The FOMC covers a lot of ground.
So anyway: The last of the four 2021 projections -- December -- was for 5.35% PCE inflation in the fourth quarter of 2021. FRED's PCEPI data for the fourth quarter was 5.86%. The monthly PCEPI for December 2021 was 6.18%. The monthly CPI for December 2021 was 7.18%. And the Federal Funds interest rate was zero.
The first data value from each of the 8 FOMC projection datasets on the graph is shown in this table:
Year: | 2021 | 2022 |
March: | 2.30 | 4.40 |
June: | 3.3 | 5.15 |
Sept: | 4.15 | 5.50 |
Dec: | 5.35 | 5.7 |
Note: In the table, the first data value in the March 2021 projection is given as 2.30 percent. Jerome Powell in the 17 March 2021 transcript gives the value as "2.4 percent this year". Maybe the difference is a typo. The FOMC projection Powell describes is the same March 2021 projection presented in the table.

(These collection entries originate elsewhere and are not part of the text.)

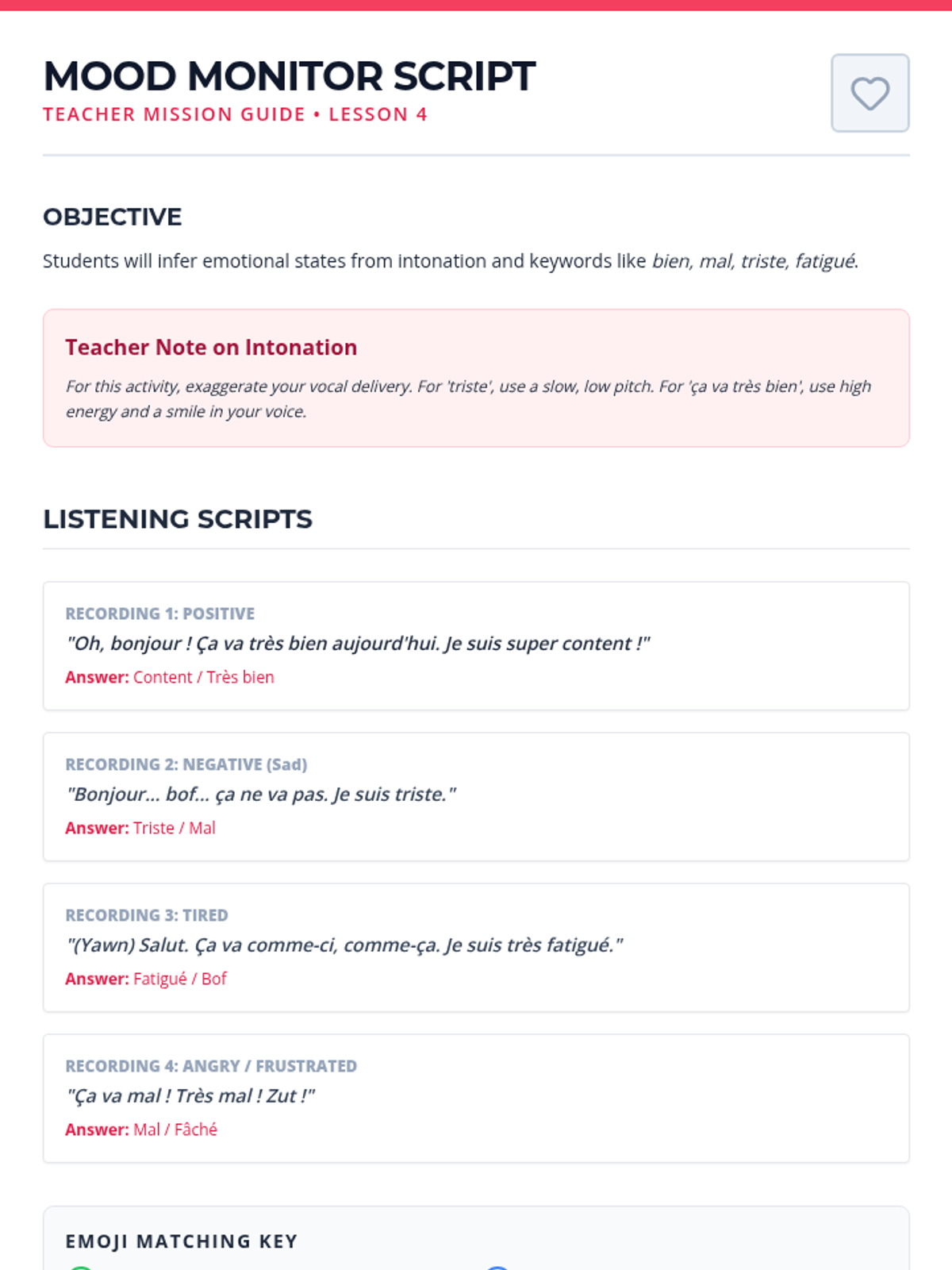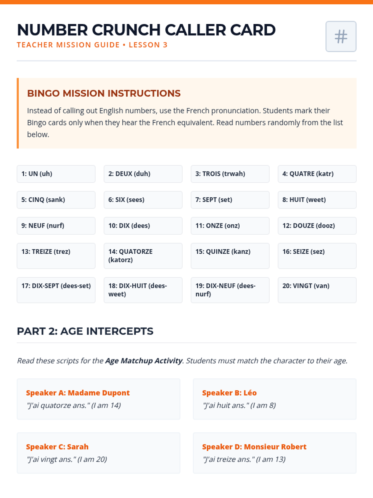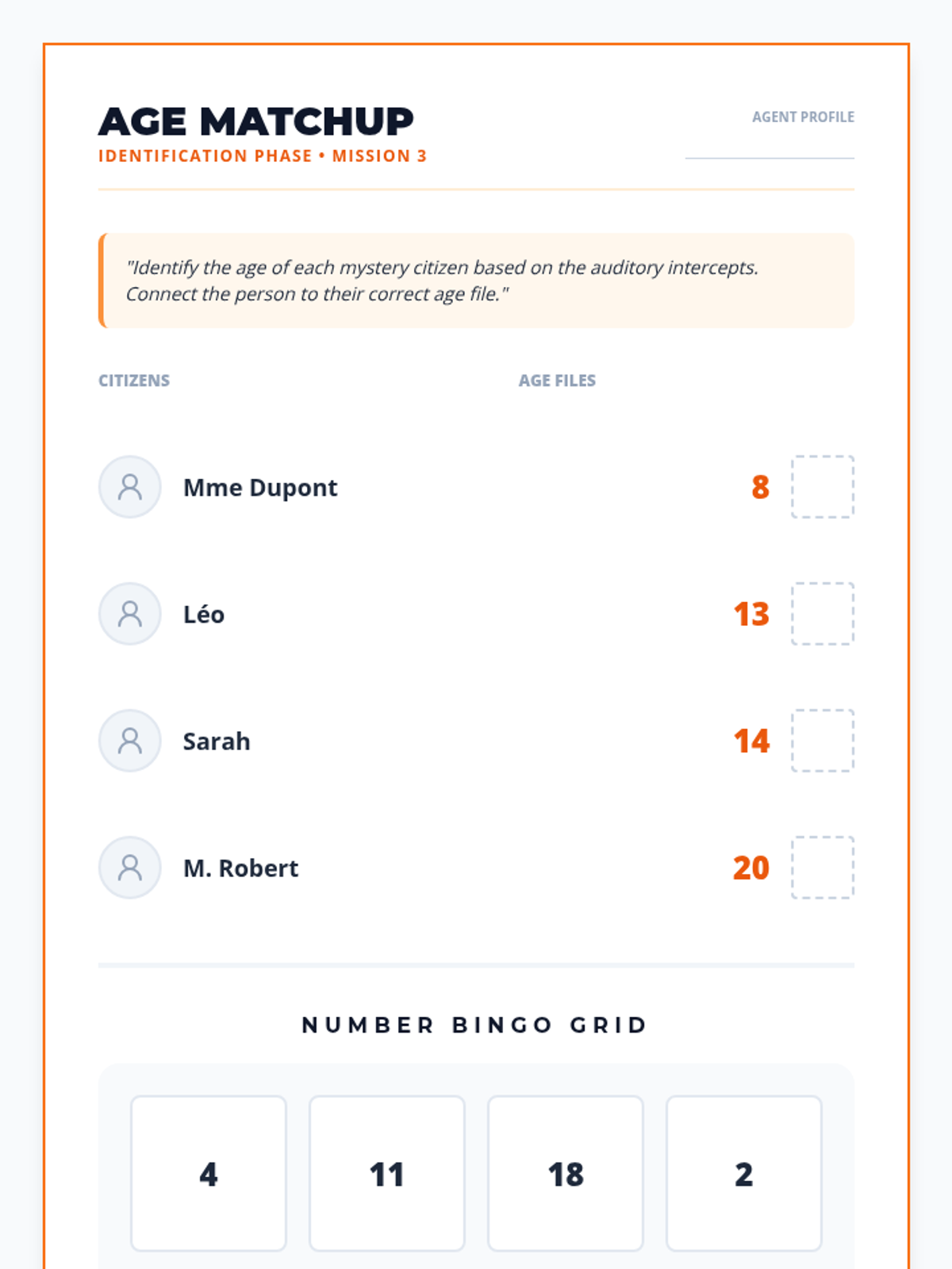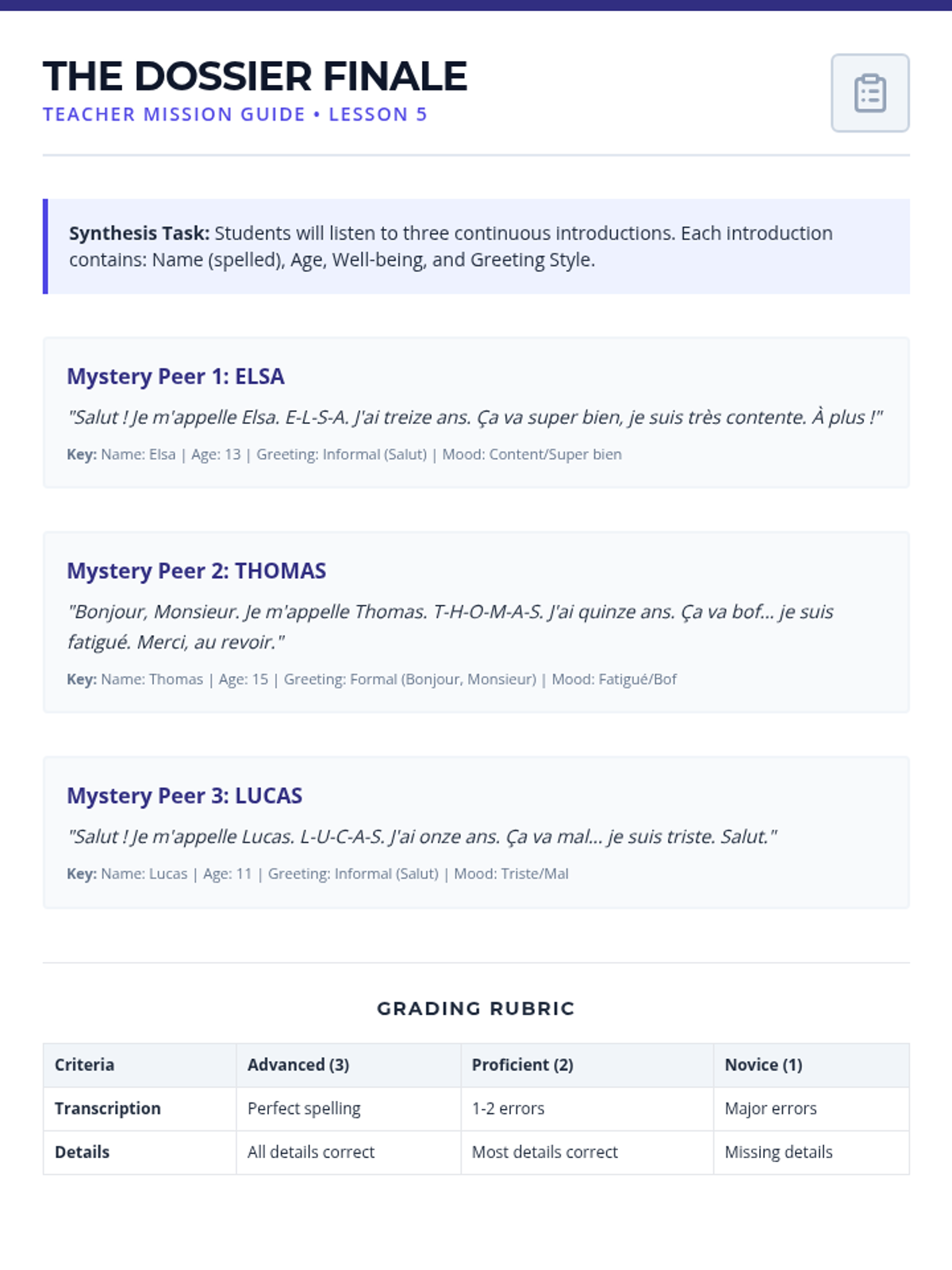 A 5-lesson unit for 6th-grade French students focusing on auditory comprehension of greetings, alphabet, numbers, and personal identity using a 'Language Detectives' theme. Students progress from isolating sounds to synthesizing full personal profiles from audio input.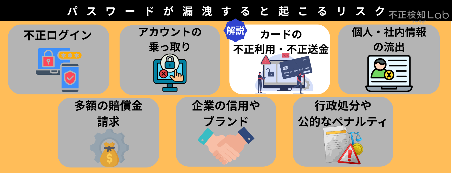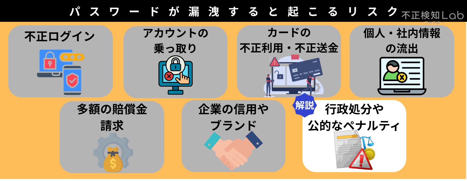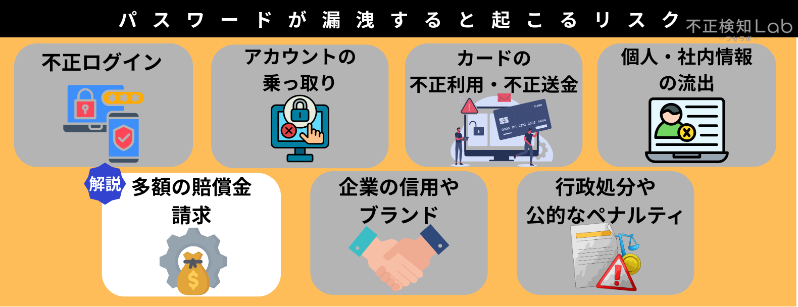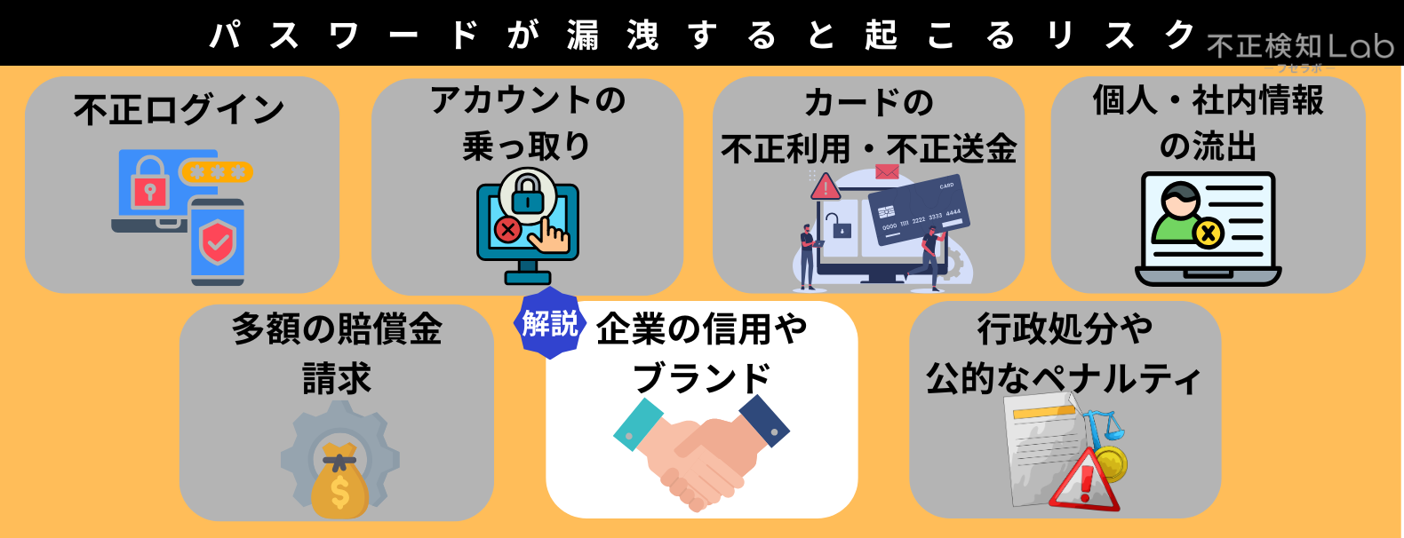 パスワードが漏洩すると、不正ログインやクレジットカードの悪用、機密情報の流出など、連鎖的に多くのリスクが伴ってきます。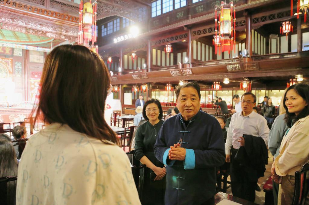 演出开始前,姜昆老师来到观众席看望中外员工相声爱好者。他鼓励员工们学会多多欣赏相声“韵味”,体验蕴含在“相”与“声”里的中华文化传统。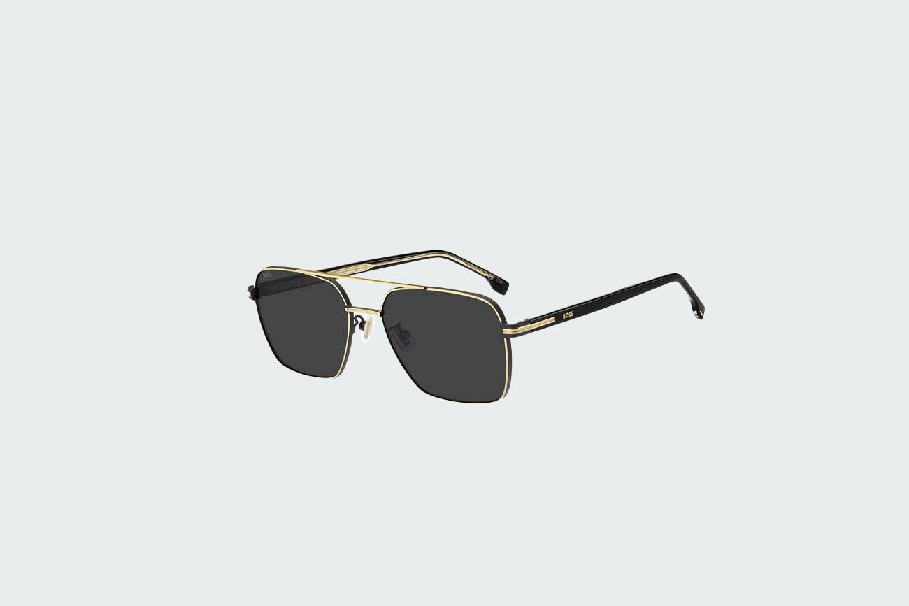 Изящные солнцезащитные очки BOSS с металлической оправой золотистого цвета. Форма — овальная, мягко обрамляющая лицо и придающая образу утончённость. Линзы серые с поляризационным слоем, защищающим от бликов. Модель создана для женщин, предпочитающих изысканный дизайн. Подойдёт для деловых встреч и светских мероприятий.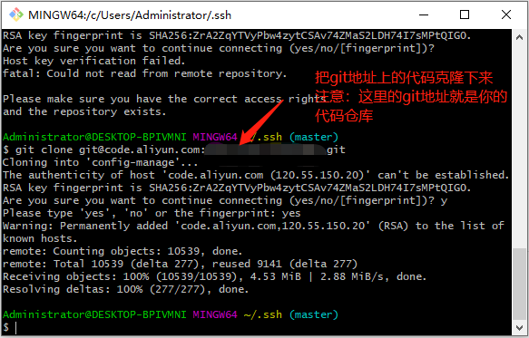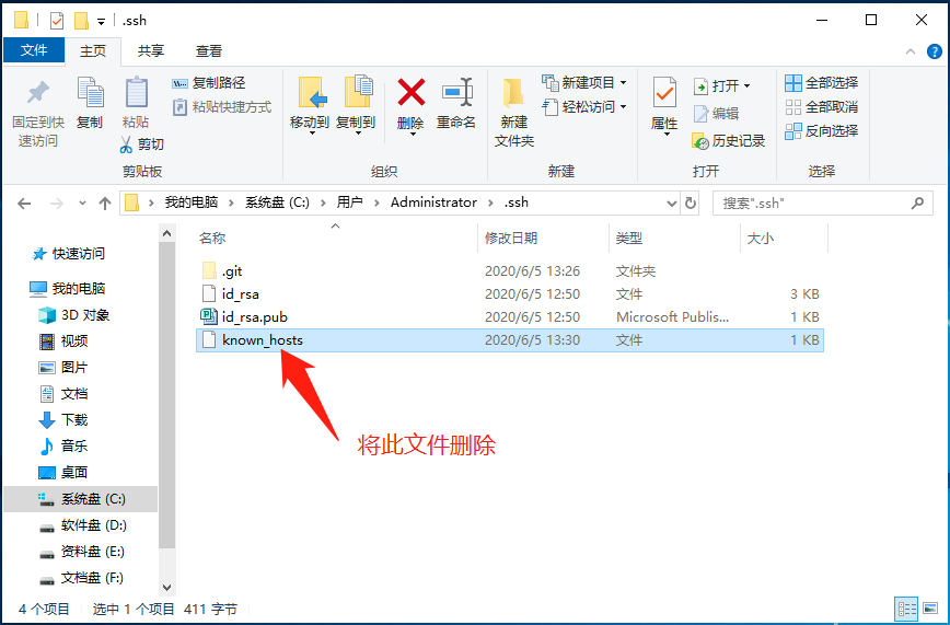 1、进入C:\Users\Administrator\.ssh目录下,将known_hosts文件删除

Every projection in 2022 was higher than the corresponding projection in 2021. And in both years, the March projection is the lowest, and each subsequent projection is higher than the one before. The Federal Open Market Committee apparently did not think inflation would go down.
It is their
job to make inflation go down. But they did not think inflation would go down. This irritates me. They were right, of course: Inflation did not go down until they started raising the interest rate. But remember, it was in March 2021 that Chairman Powell warned of inflation, and it was a year later, in March 2022, that the Federal Open Market Committee finally started raising the interest rate.
The PCE measure started coming down after Q2 2022. And the CPI measure started coming down after June 2022. In both cases, inflation was coming down since midyear. And still the FOMC projections, even the September and December projections, were for rising inflation all thru 2022. I don't understand their thought process.
It almost looks like they wanted inflation raging.